The next is the case of Tucker v. Tucker, 5 Iredell, 161, in which the court of North Carolina expressed its regret, that the policy of the statute of Geo. 2, had not been adopted in that state; and held, “ that the executor was not a competent witness upon the trial of an issue devisavit vel non, because of his legal right to commissions on the personal estate.” From the expressions used in these two cases, it seems highly probable, that if such a statute as that of Geo. 2 had been in force in those states, the executors would have been admitted as witnesses.

Allison’s Ex’rs v. Allison, 4 Hawks, 141, decides that one appointed a trustee to sell lands under a will, and also executor, is not a competent attesting witness.

In Gebhart v. Gebhart’s Ex’rs, 15 Serg. & Raw. 235, in an action by two executors, it was held that one of them was not a competent witness, although he offered to make a deposit sufficient to cover all costs, because of his interest in the commissions on the estate. Anderson v. Neff, 11 S. & R. 208, in the same court, merely followed this decision.

■ In Gass’s Heirs v. Gass’s Ex’rs, the supreme court of Tennessee held, that the statute 25 Geo. 2, is not in force in that ■state, and that a legatee is not a good attesting witness. 3 Humph. 279.

In Sears v. Dillingham, 12 Mass. 358, the executor was held to be incompetent, because liable to costs. The court goes on to say, “ that by the common law, an executor, who is not a residuary legatee, and has no beneficial interest in the estate, maybe a witness to prove the execution of the will.” “The competency must exist at the time of attestation; a subsequent incompetency will not affect the formal execution of the will, otherwise the commission of a crime, which renders infamous, or the succession to an estate under a devise, would disable a witness who was free from crime or interest, at the time of subscribing.” “If, then, the executor was a competent witness at the time he attested the will, there can be now no legal objection [253]*253to it because of his subsequent incompetency. He appears to derive no interest whatever under the will, not being residuary legatee, nor having any devise or bequest in it.”

We will now examine the cases on the other side. In Comstock v. Hadlyme Eccl. Soc. 8 Conn. Rep. N. S. 254, it was held, that an executor who has accepted the trust, and acted under the will, but derives no beneficial interest under it, is a competent witness to establish it, not being liable for costs. The point of compensation for their services was relied on, as a reason to exclude him, but the court held him to be competent, although he was entitled to payment of his expenses, and compensation for his services.” Ib. 263.
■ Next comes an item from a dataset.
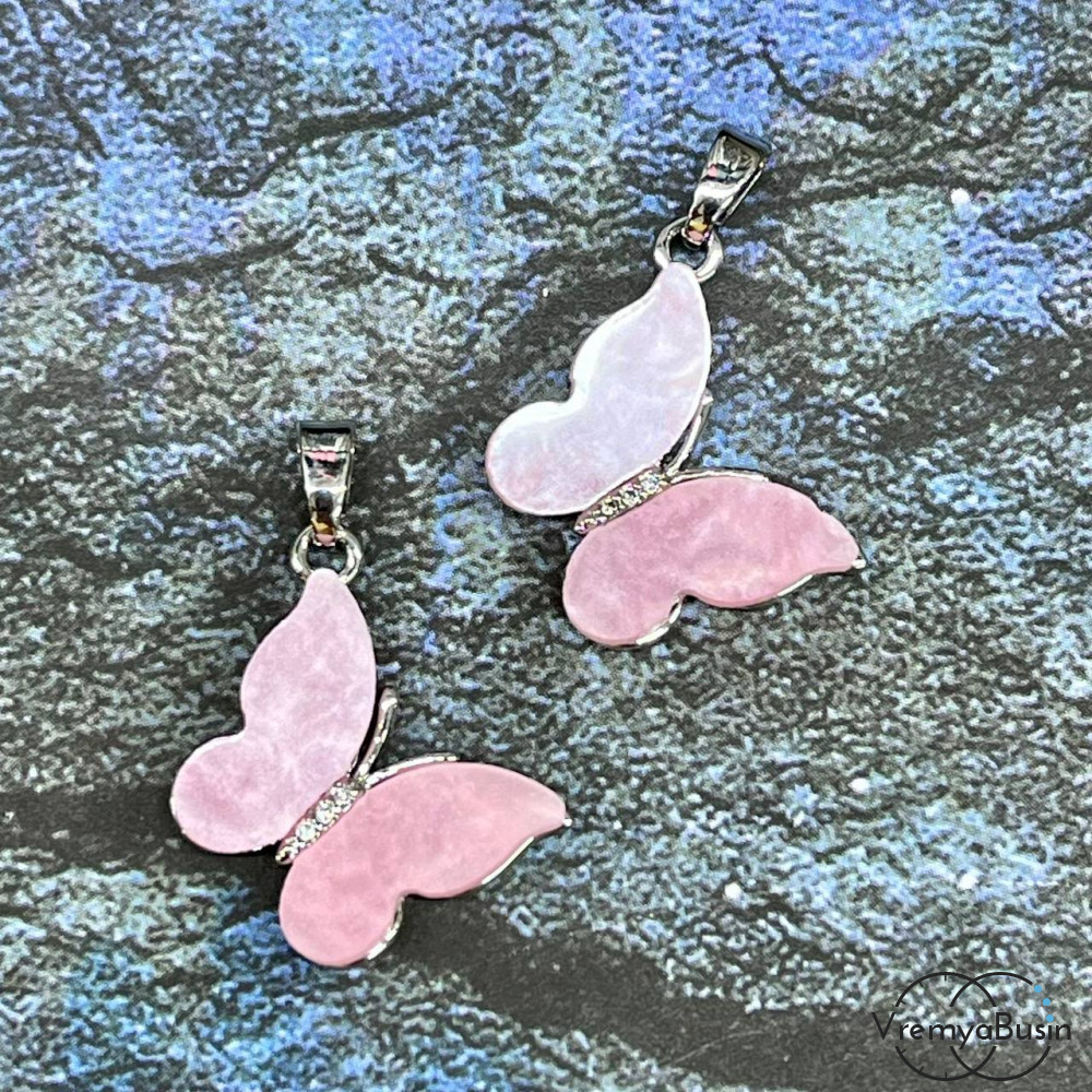 • Подвеска с перламутром "Бабочка", 18х22 мм, латунь с родиевым покрытием (1 шт.)

In the will of McDaniel, 2 J. J. Marsh. 332, the court said, “ an executor who has no interest in the residuary fund, and no other interest than that\>f a fiduciary, is a competent witness to prove the will, whereby his appointment is initiated.” In Kentucky, where this decision was made, the executor is by statute allowed compensation for his services, and they have a similar statute to ours, in regard to bequests to subscribing witnesses. 1 Ken. Stat. by Moreh. & Brown, 510; 2 Ib. 1541.

In the late case in regard to the will of John Randolph, of Roanoke, a question arose as to the competency of Judge Leigh, one of the executors, to testify as to the sanity of the testator. He was not a subscribing witness, but the question is the same, the incompetency of the witness by reason of interest. He was a legatee under the will, but released all interest. The case was elaborately argued in all its parts.

The court held the witness to be competent.